First time comment from a lurker here. Oh my Lord the story really is beautiful that I got carried away.
Please feel free to read my shitty interpretation of the story.
I glanced at my phone, no texts, no reply. I watched the passing scenery from the window of the train as I begin to reminisce about a time where I dearly looked back to. The dearly held memories of her.
I was high schooler back then, albeit a very nervous one. It was supposed to be an ordinary first day of high school but somehow it felt like destiny had something planned. I saw her when I was looking at the crowded train, I saw another high school girl with the same uniform. She drew my curiosity. It was a mere glance and who would have known she'd looked my way just when I was looking at her. We immediately got a bit self conscious and left it at that.

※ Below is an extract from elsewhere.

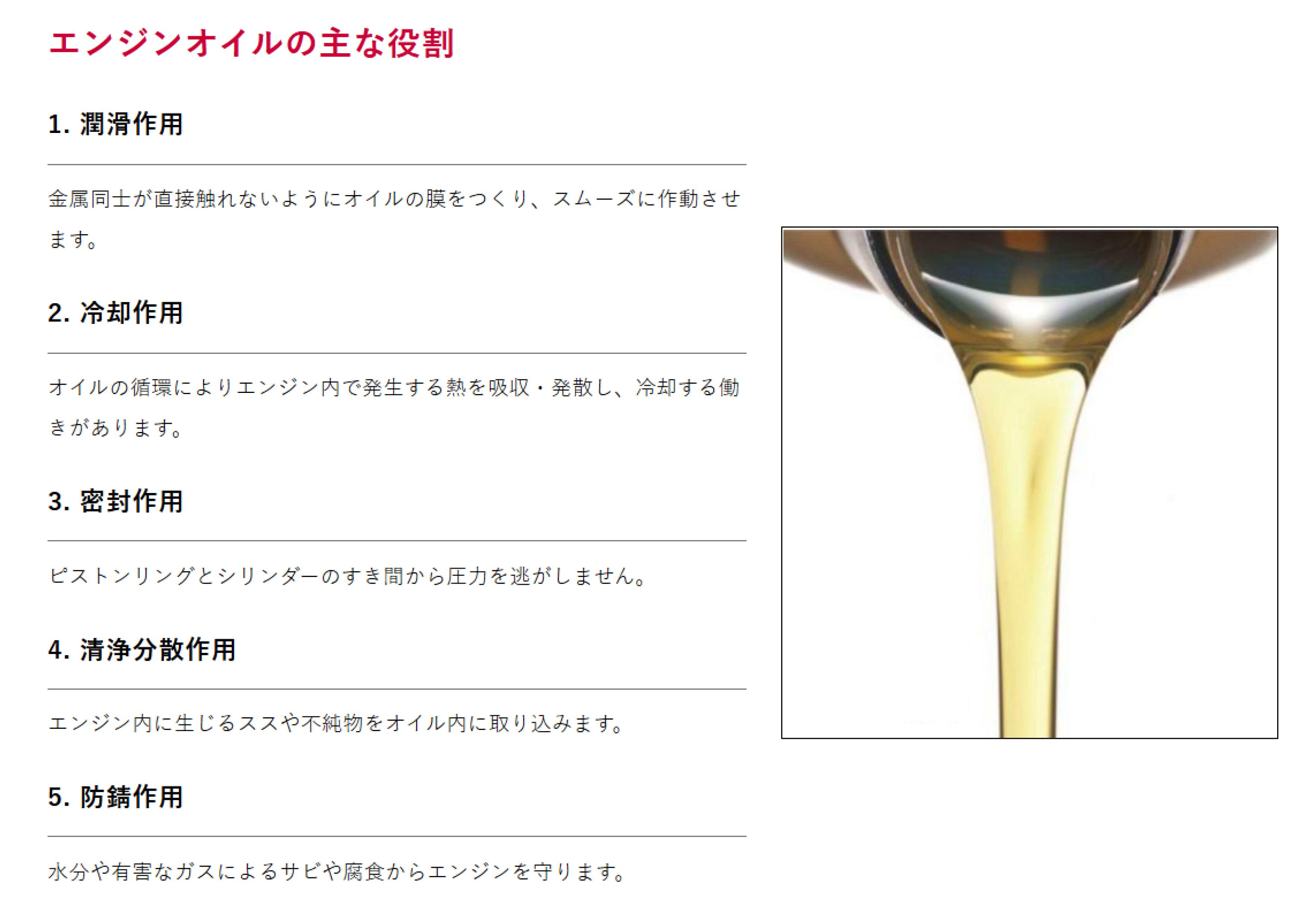 ・性能が失われたエンジンオイルでは本来の役目の潤滑がうまくできないことにより、異常摩耗や最悪の場合は焼き付きにつながります。
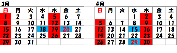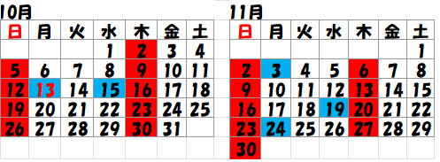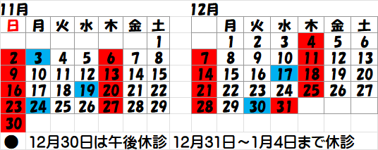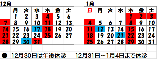 ●休診日カレンダー(赤□:休診 青□:午前診療 緑□:午後診療)

After reaching school, I realized most people had already formed cliques, of course I should have expected this but I felt somewhat sad but that didn't last long. Someone tapped my back to get my attention, and lo and behold, it was the girl from the train I had met earlier. I was surprised but it was welcome one to be sure.

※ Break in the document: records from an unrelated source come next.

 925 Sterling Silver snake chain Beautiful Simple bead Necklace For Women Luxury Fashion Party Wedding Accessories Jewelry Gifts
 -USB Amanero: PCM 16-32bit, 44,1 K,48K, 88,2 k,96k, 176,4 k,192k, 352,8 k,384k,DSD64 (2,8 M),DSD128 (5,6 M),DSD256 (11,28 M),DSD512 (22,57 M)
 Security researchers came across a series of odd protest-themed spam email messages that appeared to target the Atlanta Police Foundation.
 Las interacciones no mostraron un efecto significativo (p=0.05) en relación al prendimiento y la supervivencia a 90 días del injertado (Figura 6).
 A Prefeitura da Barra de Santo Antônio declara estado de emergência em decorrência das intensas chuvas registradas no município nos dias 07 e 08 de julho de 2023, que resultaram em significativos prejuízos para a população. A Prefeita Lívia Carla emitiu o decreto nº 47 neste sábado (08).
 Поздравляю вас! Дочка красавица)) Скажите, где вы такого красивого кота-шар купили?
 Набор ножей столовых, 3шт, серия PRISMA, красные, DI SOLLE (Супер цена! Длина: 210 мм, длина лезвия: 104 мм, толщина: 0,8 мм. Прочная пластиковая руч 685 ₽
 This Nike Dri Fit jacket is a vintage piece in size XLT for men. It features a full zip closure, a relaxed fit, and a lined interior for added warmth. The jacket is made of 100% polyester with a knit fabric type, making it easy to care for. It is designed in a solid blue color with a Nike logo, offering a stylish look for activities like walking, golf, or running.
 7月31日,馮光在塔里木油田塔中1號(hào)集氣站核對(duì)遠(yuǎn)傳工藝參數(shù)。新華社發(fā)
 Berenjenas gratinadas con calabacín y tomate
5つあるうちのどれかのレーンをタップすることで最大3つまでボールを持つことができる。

After that we started to hang out and got along rather well, we were close and as time passed we grew even closer.
The passing of the seasons were rather beautiful and the time I spent with here, even more so. As we hopped on the train and took our seats, she fell asleep while leaning on my shoulder and no words can express how happy I am to have her.

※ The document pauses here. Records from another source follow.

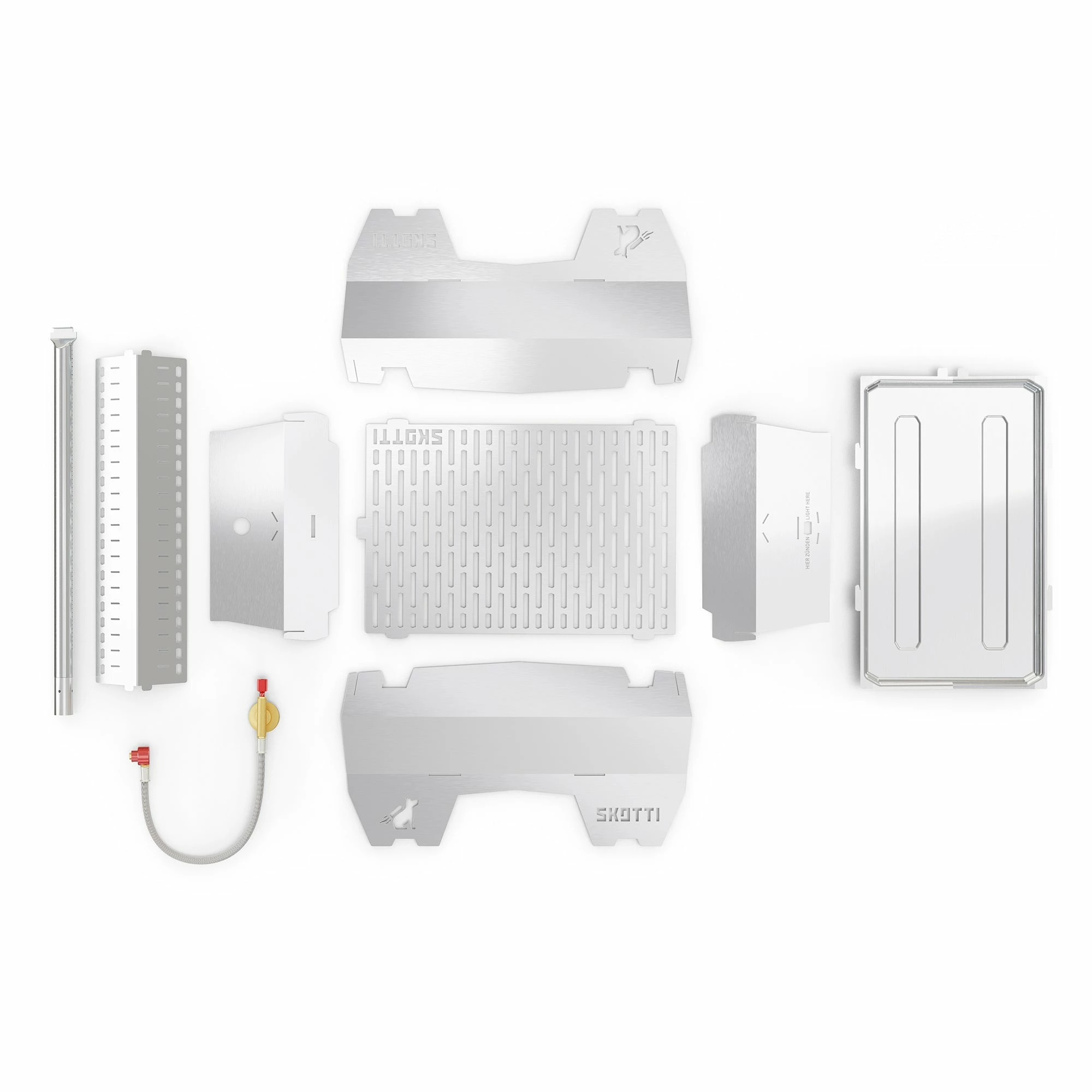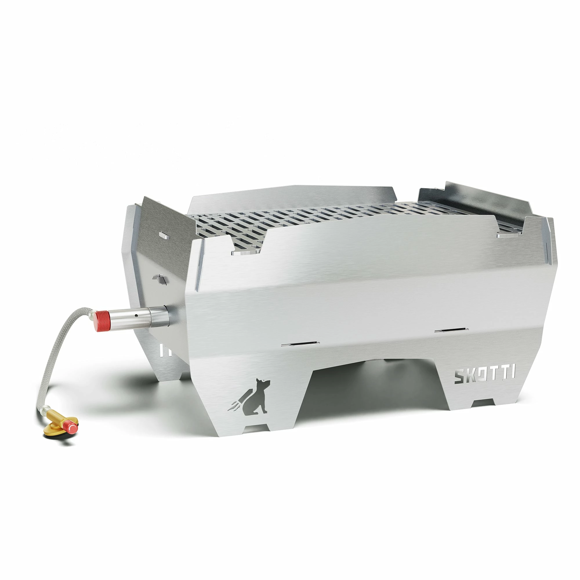 Der Skotti Grill kann mit Kohle, Holz oder Gas betrieben werden. Für die Nutzung mit einer handelsüblichen Camping Gaskartusche ist ein Gasschlauch mit Regulator im Lieferumfang enthalten.
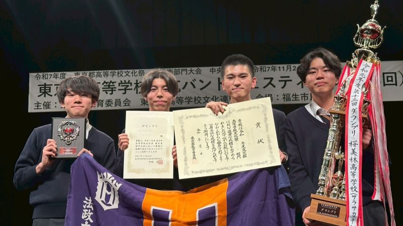 令和7年度 東京都高等学校文化祭 軽音楽部門中央大会 「東京都高等学校対抗バンドフェスティバル(第18回)」が11月24日(月・祝) 福生市民会館 大ホールで行われ、本校音楽部の高校2年生バンド【万有引力(バンユウインリョク)】が見事「グランプリ」を受賞しました!!
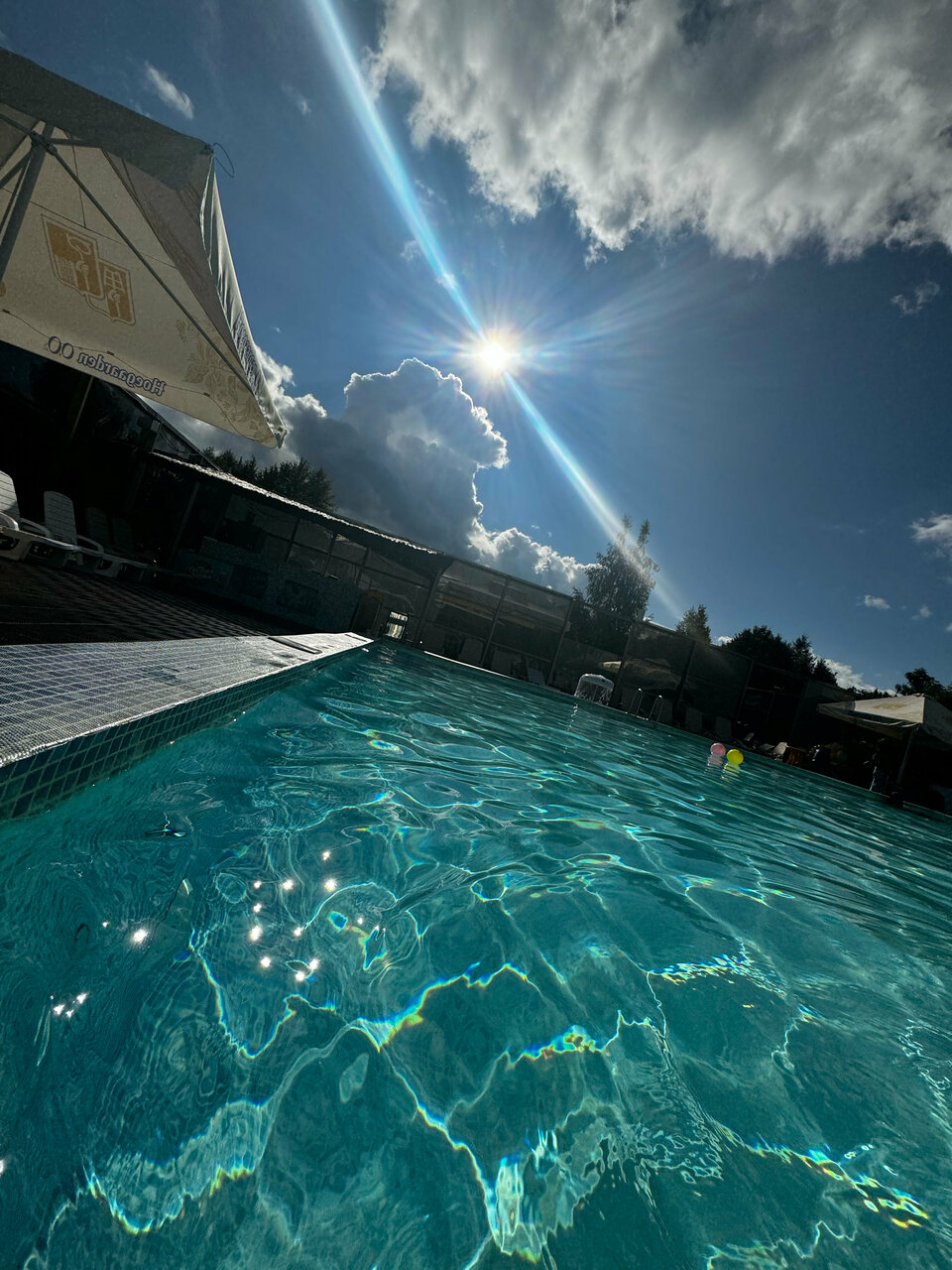 Из плюсов — тихо и спокойно, хотя бетонка в 2 минутах. Столовая. Выбор еды не очень, качество на 4. Достаточно маленькая, перед временем приёма пищи очереди занять столы. Всё коктейли на основе водки, даже мохито. Пиво так себе. Бассейн. Маленький, раздевалки очень маленькие, места мало. Душ около бассейна. Мыла, шампуня и прочего нет. Анимация. Чуть больше ноля. Детские дискотеки вечером. И это при заявленных 40 анимациях. Для инфо. Даже выйти через кпп наружу — нужен пропуск с ресепшена. В домике. Более-менее в плане переночевать, холодильник и СВЧ. Раковины на условной кухне нет. Куча древней мебели стоит пустая. Ещё плюс — приветливый и квалифицированный персонал и на территории и в столовой и в бассейне..

As I watched the snow fall once again, I let myself indulge in this bliss and let myself go.
Time passed and we were now entering the phase of transitioning to adults and that meant we had to start taking our studies seriously for our career and pick a proper college. While I had planned out mine and was in ignorance of the reality, it had seemed that she had already made her own plans and to pursue them too. Crunch time began and we spent less and less of the time we shared. Our relationship had drifted a bit but I do not believe that this love of ours died a bit. Until one day she decided to end it, end what we had, I can never tell if it was the best choice to be made but we both knew that to pursue our interest meant we would have to part.
Time passed once again, and with the start of a new spring I was ready to head out towards the city but as I waited for the train, I couldn't help but look back. I felt immense sadness. She wasn't there. I had hoped that she would at least come see me off but she wasn't there but I promised to keep it touch, I will come back to her. If I had searched for her I would have noticed that I wasn't the only who was sad at this departure, she had been there, hiding. I guess we were both unable to be honest with ourselves.
I woke up from my dream of the past. I took out my phone once again, still no reply. The message I had sent recently had been me hoping that we would be able to meet up.
I let out a sigh as I thought back to past, the memory of when we'd ride on the train and were still so close together.
As I stepped on the platform, on reaching my destination I thought about how I'm finally back and maybe just maybe things would be alright. What I didn't see was that she was waiting for me. I guess this love story has a hopeful end after all.